[Data records]
■ ■ ■ ■ ■
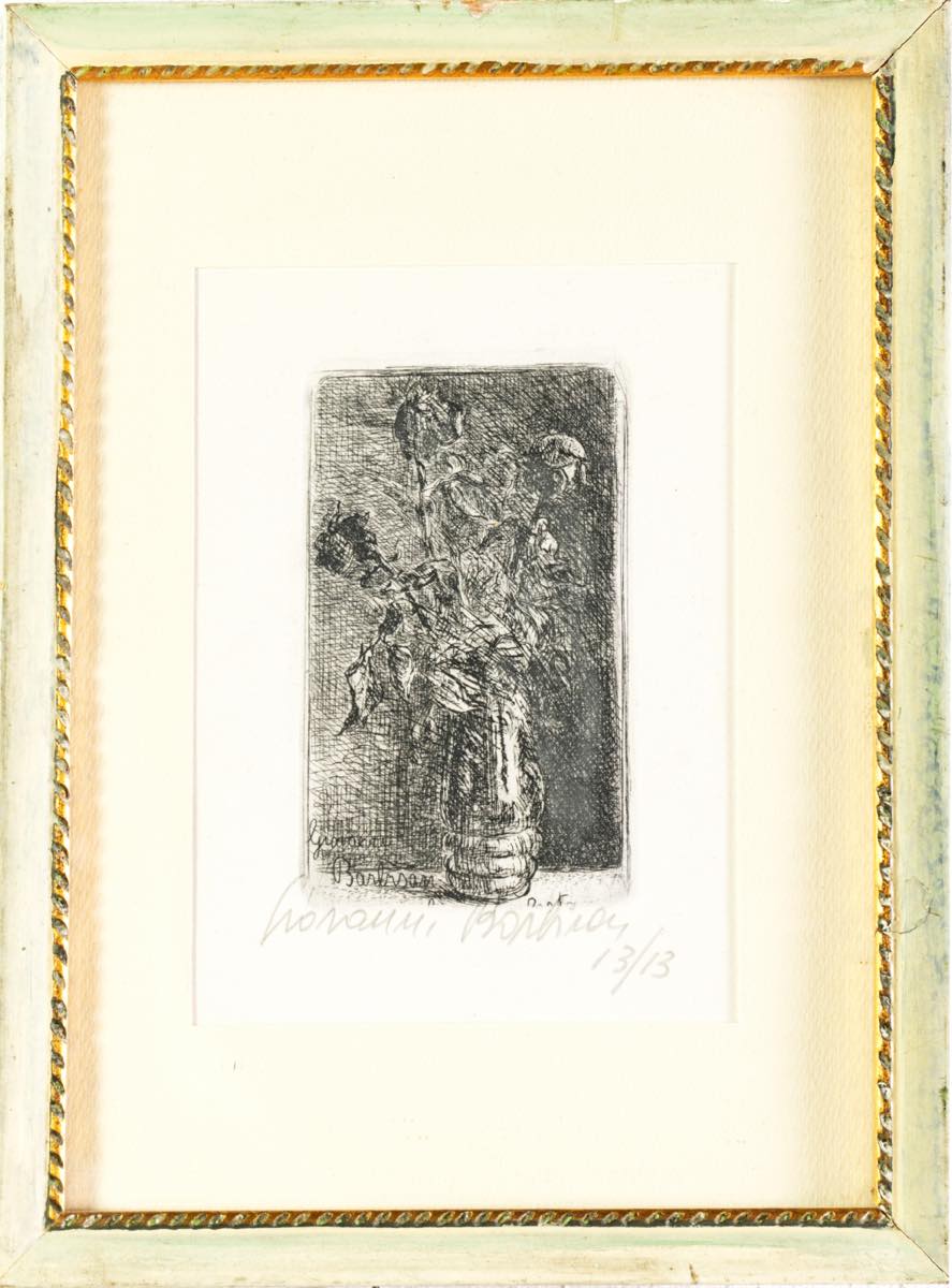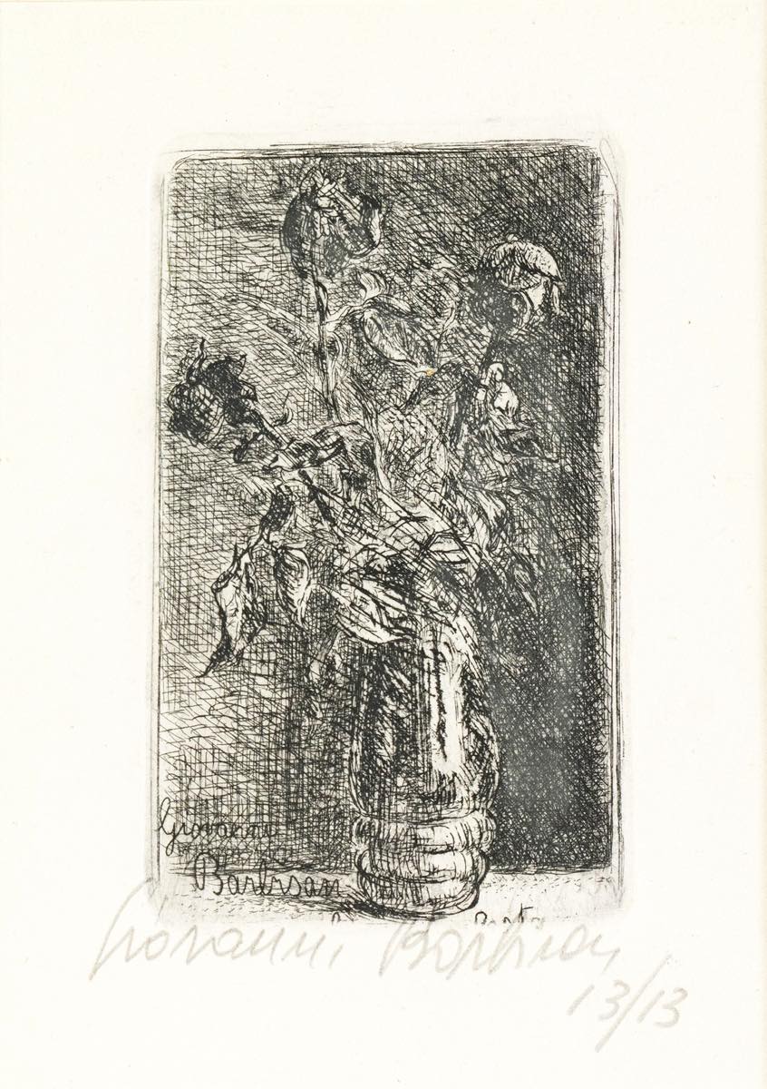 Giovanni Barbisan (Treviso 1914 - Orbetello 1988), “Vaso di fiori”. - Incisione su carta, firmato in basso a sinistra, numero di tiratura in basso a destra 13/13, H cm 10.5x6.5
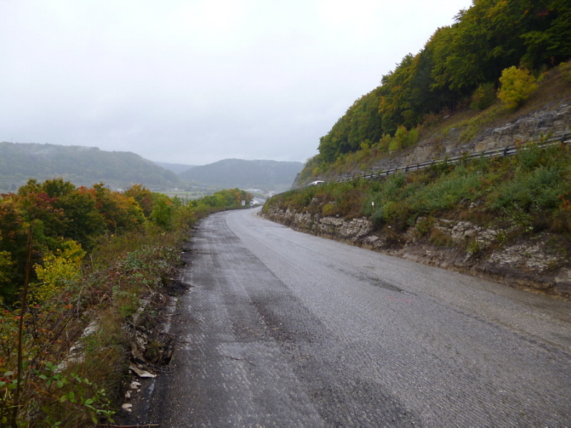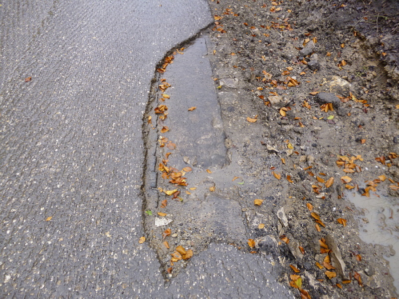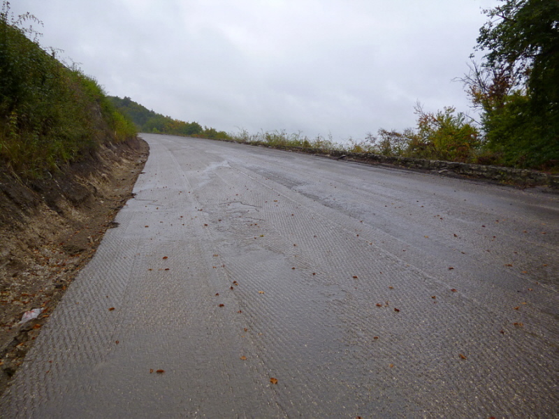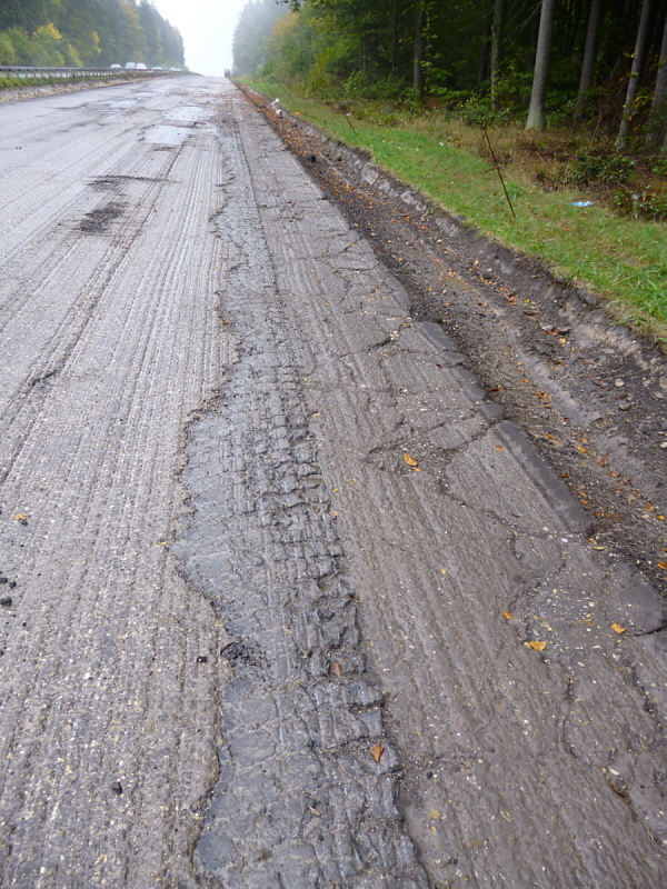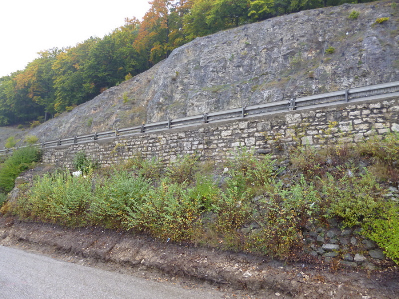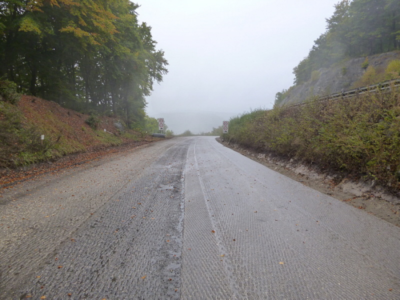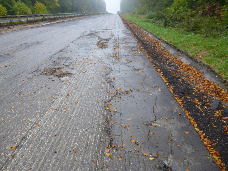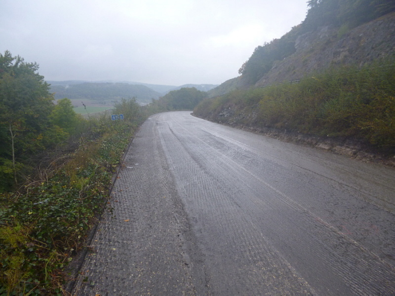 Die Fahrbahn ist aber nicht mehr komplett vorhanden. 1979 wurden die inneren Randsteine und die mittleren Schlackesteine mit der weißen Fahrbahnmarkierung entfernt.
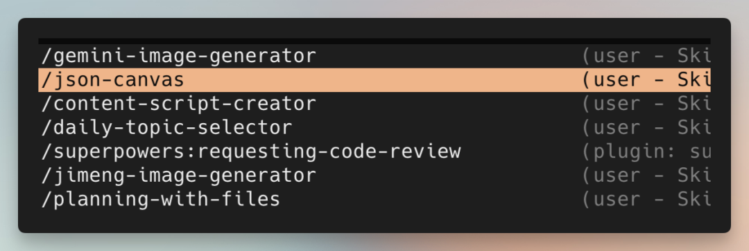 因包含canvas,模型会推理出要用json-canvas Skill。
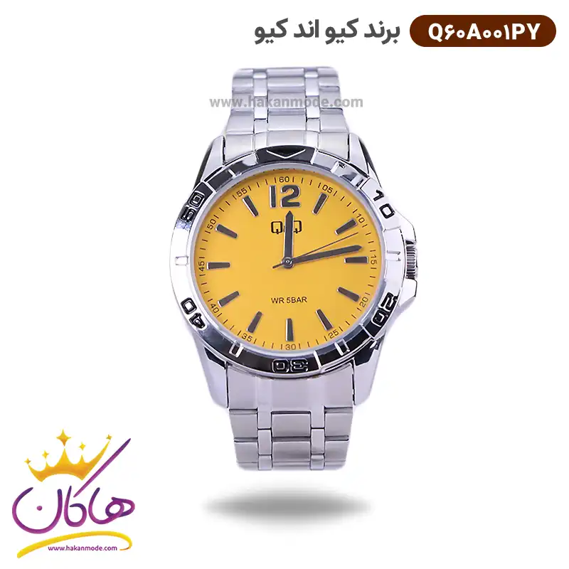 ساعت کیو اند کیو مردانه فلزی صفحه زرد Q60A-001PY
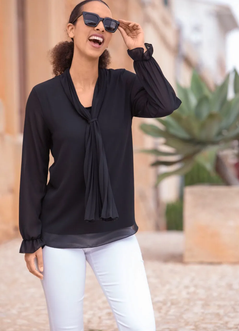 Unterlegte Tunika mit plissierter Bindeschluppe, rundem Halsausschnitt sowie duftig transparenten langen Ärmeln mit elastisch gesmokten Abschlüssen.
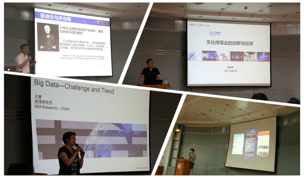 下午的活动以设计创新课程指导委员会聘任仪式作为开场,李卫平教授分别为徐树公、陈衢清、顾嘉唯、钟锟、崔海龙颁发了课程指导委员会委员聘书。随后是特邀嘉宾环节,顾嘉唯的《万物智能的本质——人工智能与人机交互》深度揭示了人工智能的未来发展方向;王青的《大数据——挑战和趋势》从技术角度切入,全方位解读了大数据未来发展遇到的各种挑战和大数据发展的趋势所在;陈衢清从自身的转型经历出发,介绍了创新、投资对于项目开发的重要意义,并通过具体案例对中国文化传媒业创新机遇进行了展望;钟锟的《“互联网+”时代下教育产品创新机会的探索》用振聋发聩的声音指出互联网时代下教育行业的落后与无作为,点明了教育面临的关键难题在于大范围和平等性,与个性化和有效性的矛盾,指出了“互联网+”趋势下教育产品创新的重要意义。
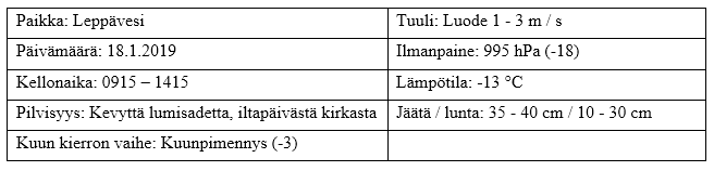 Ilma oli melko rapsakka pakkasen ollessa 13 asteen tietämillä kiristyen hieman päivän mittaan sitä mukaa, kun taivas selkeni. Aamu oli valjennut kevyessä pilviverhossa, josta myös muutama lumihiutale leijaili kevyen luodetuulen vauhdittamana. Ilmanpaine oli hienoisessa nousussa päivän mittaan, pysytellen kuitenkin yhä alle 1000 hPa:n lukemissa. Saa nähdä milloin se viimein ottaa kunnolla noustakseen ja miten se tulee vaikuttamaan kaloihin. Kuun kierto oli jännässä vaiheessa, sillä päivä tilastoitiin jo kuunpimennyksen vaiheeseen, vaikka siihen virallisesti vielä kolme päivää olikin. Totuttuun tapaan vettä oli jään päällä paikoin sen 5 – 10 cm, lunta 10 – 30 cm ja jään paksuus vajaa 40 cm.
■ ■ ■ ■ ■
=== Assigned task ===
Leaving every picture aside, reproduce exactly the lines above from the one with "因包含canvas,模型会推理出要用json-canvas Skill。" up to and including the one with "Unterlegte Tunika mit", and no others.

=== Output of the task ===
 因包含canvas,模型会推理出要用json-canvas Skill。
 ساعت کیو اند کیو مردانه فلزی صفحه زرد Q60A-001PY
 Unterlegte Tunika mit plissierter Bindeschluppe, rundem Halsausschnitt sowie duftig transparenten langen Ärmeln mit elastisch gesmokten Abschlüssen.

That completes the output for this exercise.